Le chevalier saisit à son tour le poignet de Maurice, et, avec une force dont on aurait pu le croire incapable, il l’obligea à se pencher vers lui.
Il était trois heures et demie du matin, de grands vides se laissaient voir parmi les spectateurs. Quelques lumières s’éteignaient çà et là, jetant des parties de la salle dans l’obscurité.
Une des parties les plus obscures était celle où se trouvaient le chevalier et Maurice, écoutant ce qu’il allait lui dire.
– Pourquoi donc êtes-vous ici, et qu’y venez-vous faire, demanda le chevalier, vous, monsieur, qui n’avez pas un cœur de tigre?
– Hélas! dit Maurice, j’y suis pour savoir ce qu’est devenue une malheureuse femme.
– Oui, oui, dit Maison-Rouge, celle que son mari a poussée dans le cachot de la reine, n’est-ce pas? celle qui a été arrêtée sous mes yeux?
– Geneviève?
– Oui, Geneviève.
– Ainsi, Geneviève est prisonnière, sacrifiée par son mari, tuée par Dixmer?… Oh! je comprends tout, je comprends tout, maintenant.
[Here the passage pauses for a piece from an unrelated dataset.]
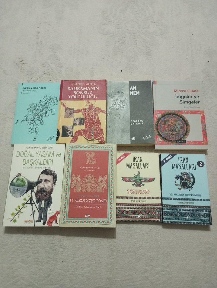 İran masalları, doğal yaşam ve başkaldırı, kahramanın yolculuğu ve Mircea Eliade'nin imgeler ve simgeler kitabını içeren kitaplar. fiyat sorunuz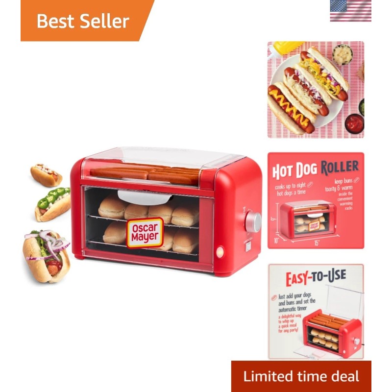 Compact Oscar Mayer Hot Dog Roller & Bun Toaster, Adjustable Timer, Red Finish

Chevalier, racontez-moi ce qui s’est passé, dites-moi où elle est, dites-moi où je puis la retrouver. Chevalier… cette femme, c’est ma vie, entendez-vous?
– Eh bien, je l’ai vue; j’étais là quand elle a été arrêtée. Moi aussi, je venais pour faire évader la reine! mais nos deux projets, que nous n’avions pu nous communiquer, se sont nuit au lieu de se servir.
– Et vous ne l’avez pas sauvée, au moins, elle, votre sœur, Geneviève?
– Le pouvais-je? Une grille de fer me séparait d’elle. Ah! si vous aviez été là, si vous aviez pu réunir vos forces aux miennes, le barreau maudit eût cédé, et nous les eussions sauvées toutes deux.
– Geneviève! Geneviève! murmura Maurice.
Puis regardant Maison-Rouge avec une indéfinissable expression de rage:
– Et Dixmer, qu’est-il devenu? demanda-t-il.
– Je ne sais. Il s’est sauvé de son côté, et moi du mien.
– Oh! dit Maurice les dents serrées, si je le rejoins jamais…
– Oui, je comprends. Mais rien n’est désespéré encore pour Geneviève, dit Maison-Rouge, tandis qu’ici, tandis que pour la reine… Oh! tenez, Maurice, vous êtes un homme de cœur, un homme puissant; vous avez des amis… Oh! je vous en prie, comme on prie Dieu… Maurice, aidez-moi à sauver la reine.
– Y pensez-vous?
– Maurice, Geneviève vous en supplie par ma voix.
– Oh! ne prononcez pas ce nom, monsieur. Qui sait si, comme Dixmer, vous n’avez pas sacrifié la pauvre femme?
– Monsieur, répondit le chevalier avec fierté, je sais, quand je m’attache à une cause, ne sacrifier que moi seul.
En ce moment, la porte des délibérations se rouvrit; Maurice allait répondre.
– Silence, monsieur! dit le chevalier; silence! voici les juges qui rentrent.
Et Maurice sentit trembler la main que Maison-Rouge, pâle et chancelant, venait de poser sur son bras.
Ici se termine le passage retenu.